5. You can place the hot pickles and hot liquid into clean glass jars with new lids and store up to one year.
Homemade Goat’s Milk Ricotta Cheese
Recipe from Honest Cooking
Makes two 1/2 cup cheeses
4 cups / 1 litre goat’s milk
1 teaspoon sea salt
3 tablespoons freshly squeezed lemon juice
1 stainless steel or ceramic pot (non-reactive material, like aluminium)
1 large piece cheesecloth
1. In a large pot, add the goat’s milk and salt. Heat gently on low-medium heat, stirring occasionally to keep the milk from scorching on the bottom.
2. Just before the milk boils (no need for a thermometer, just watch carefully), take it off the heat, add the lemon juice and give it a gentle stir (you should see the milk split almost instantly). Let the pot sit undisturbed for 5 minutes.
3. While you’re waiting for the milk to become cheese, line a bowl with cheesecloth.
4. Pour the milk mixture gently into the bowl. Pick up the sides of the cloth, tie a string around the top and hang, leaving the curds inside the cloth, and letting the whey drip out into the bowl.
5. After 45 minutes to 1 hour, your ricotta should be ready to eat. If you prefer a richer, thicker cheese, let it hang for another hour or so. Remember the longer hanging time, the denser cheese. Store leftovers in a glass container in the fridge.
Roasted Parsnip, Walnut & Coffee Bread
3 cups bread (12%+ protein) flour
1 cup roasted parsnip purée (made from ½ kg/1 lb parsnips)
3 teaspoons instant yeast
½ teaspoon salt
3 tablespoons walnut meal
½ teaspoons instant coffee
1/8 cup hot water (approximately)
1. Add all the ingredients except the water into a large bowl, combine using a kneading motion, add water a tablespoon at a time until the mixture looks like normal unkneaded bread dough.

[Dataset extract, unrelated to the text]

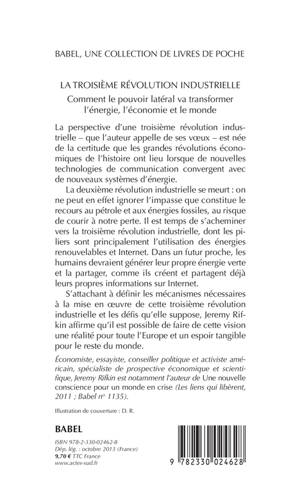 Nous sommes à la fin d'une ère, celle d'une économie fondée sur les énergies fossiles, le travail à temps plein, une gestion marchande du monde... et entrons dans ce que Rifkin appelle la troisième révolution industrielle, qui va bouleverser nos manières de vivre, de consommer, de travailler, d'être au monde. Une analyse lumineuse et providentielle de l'avenir de nos sociétés.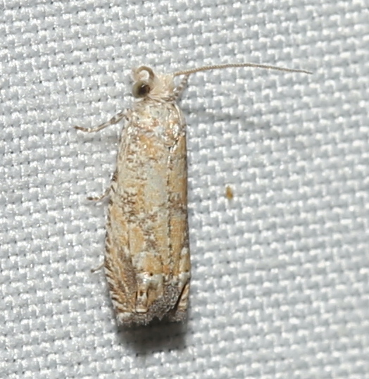with a distinctive forewing patterning that has brownish-gold to pale fawn interfascial areas and dark brown markings (Kearfott, 1905a; Wright and Gilligan, 2017). The head has long loose scales in the front and on top that are pale ocherish at the base and pure white at the tips. The second joint of the labial palp has long loose white scales that conceal the third segment and that are shaded basally and outwardly with pale ocherish (Kearfott, 1905a).

2. Knead about 10 minutes until it has the feel of a baby's smooth bottom.
3. Place into a covered oiled bowl let it raise until doubled in volume (about an hour).
4. Punch down shape into 2 loaves.
5. Let the loaves rise until almost doubled (about 1/2 hour).
6. Bake in a preheated moderately hot 200C/400F/gas mark 6 oven for about 30 minutes - 40 minutes.